Chapter 20 was the one I was waiting for - A New Vision of Old Age. The entire book was helpful, but the last Chapter was enlightening. Agism is alive and well in the world. I feel it is up to us to change the perception of us being decrepit and useless. We are not, even if we have health issues and need care. We should be a force to be recommend with, even if it is a quiet force. Thank you Dr. Esty for bringing so many issues to the forefront of society by delving into issues we face and the helpful hints to our loved ones. A necessary book.
I read this to better understand my 87 year old mother and also to learn what’s in store for me in 25 years. I found the questions at the end of the chapters to be very helpful—something I can explore with my mother. This is an easy book to get through and I think the variety of experiences she highlights is helpful. Bottom line—old people are still worthy and deserve dignity. This book offers ways for 80 somethings to find that dignity.
Based on interviews and personal reflection, this book tries to categorize various people's experiences on aging. At the end, the answer is: it depends. Depends on health, family ties, money, cultural experiences.....in particular I thought it lacked much input from non-traditional (e.g., gay) people. What, we don't make it to 80? Or maybe that will be another book. Or very well may already be a book.
Minuteman. Unremarkable, by therapist in her 80s, based on 100+ nonrandom interviews with people doing ok. But a sobering peek at the 80s--even for those in the best health, lots of challenges, always some health issues, some modification of life, some falling away of old activities, loss of friends and loved ones.
This entire review has been hidden because of spoilers.
This well written book is insightful and encouraging to readers nearing these years. The author gives hope that the future may not be as gloomy in these golden years as society would lead us to believe. Well written with lots of insight from those already there.
A book for those arriving at the magical point of old age and are able to admit it. The author herself is Eighty-something and trained in the profession of psychology. I would highly recommend you read this book if you are interested in the subject of aging. It is a must read for those who are already arriving at old age, have parents up in age, or want to be a better friend to those nearly eightysomething!
Upbeat thoughtful overview by an 80 something with stories from many interviews
The challenges but also the joys. Health crises, new relationships, reluctance to embrace change. A lot of adjustments are needed. Useful reading for adult children of ageing parents, but probably most useful for those starting to consider life beyond retirement.
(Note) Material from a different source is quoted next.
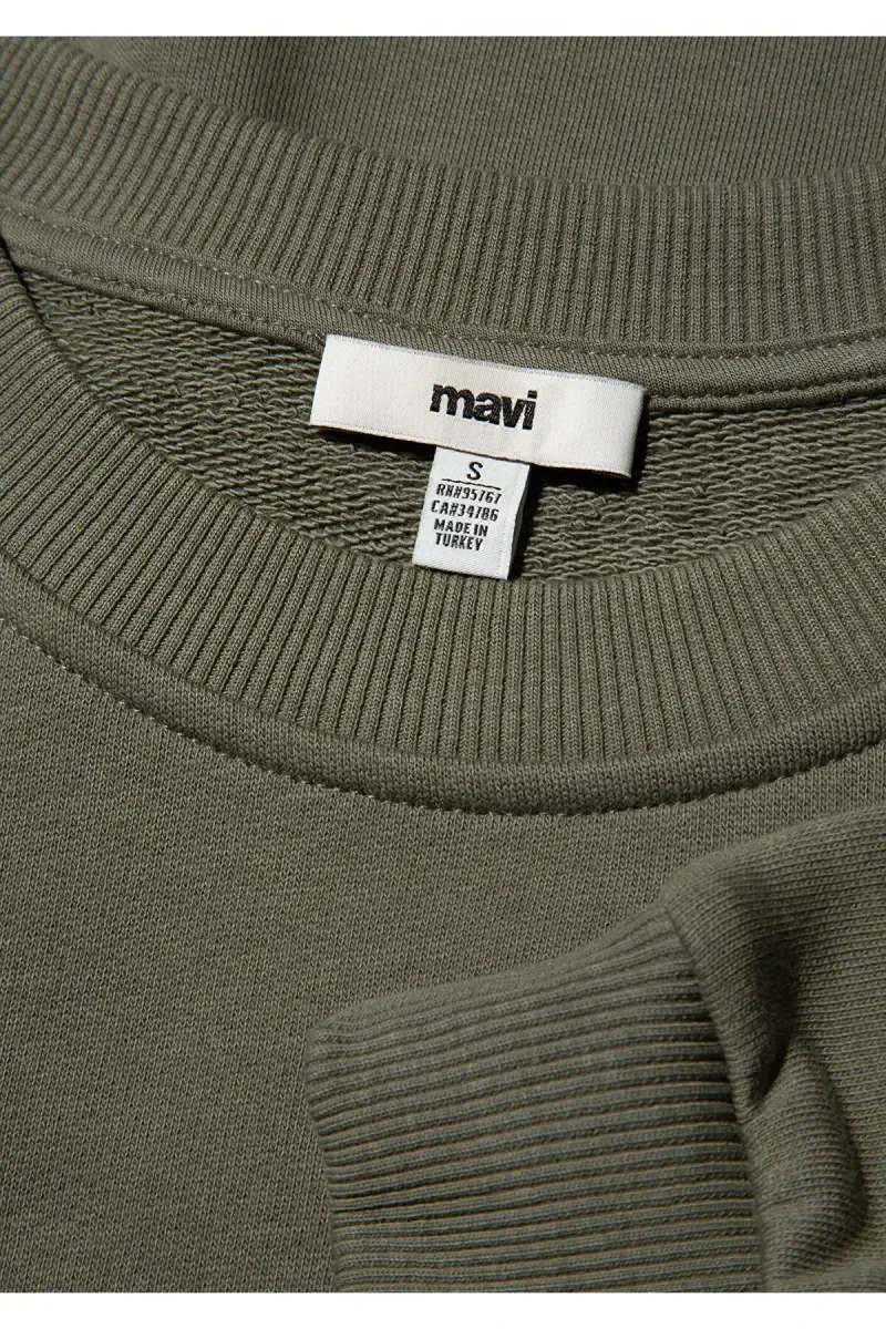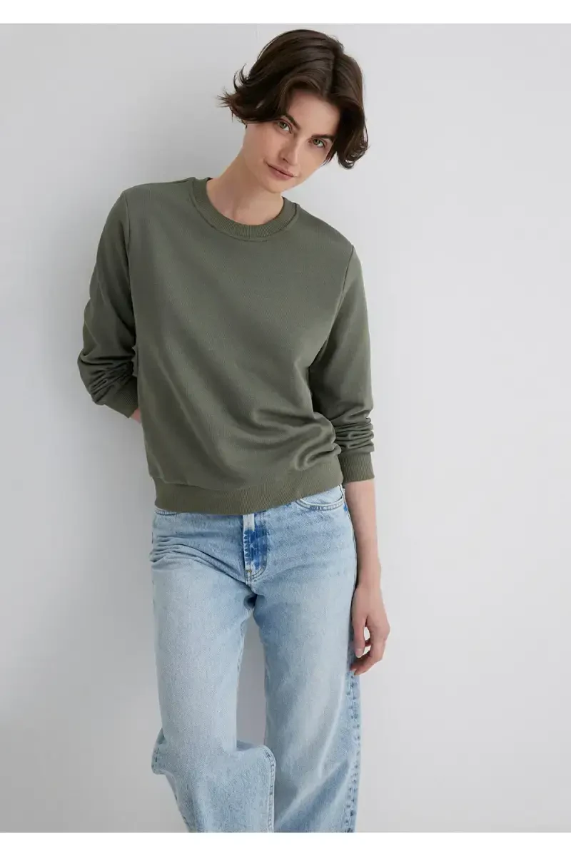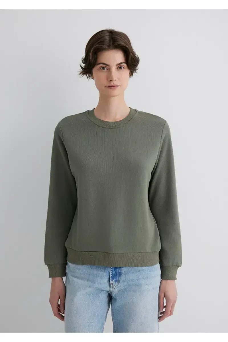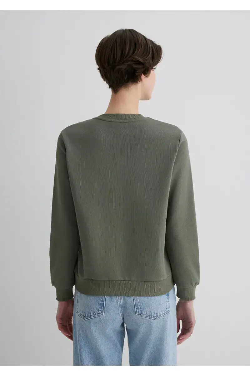 Bisiklet yoqali yashil svitshot | Paxtali, uzun yengli, bosmasiz

I'm not in my eighties, but my mom is and she recommended this one. She said nobody ever really told her what to expect as she aged to this point, and she thought this would help me for my own life as well as helping to understand her and what she is going through. It was a decent read. I've recommended it to a few friends with octogenarian parents.
For those of us with parents in their 80's I'd encourage you and them to read to gain insight and understanding to what is important. It made a huge difference with me and my mom in understanding each other.
Good range of people discussed. Lends real strength to her observations and insights. Amazingly extensive references to further reading. Resonates with and helps to put my own experience as an 87 year old into perspective.
I really enjoyed it. A good read for people who are in their 80s and their families as well. The author interview is 128 people who are in their 80s and there is a treasure trove of advice on aging wisely and staying happy.
Fascinating research by a psychologist in her 80s. 120+ interviews provide a strong spectrum of experience and Esty's work helps people look ahead to aging with anticipation, not fear.
Good for understanding your 80something family members or friends, as well as looking ahead for yourself. Easy read. Definitely not scientific, nor does it pretend to be.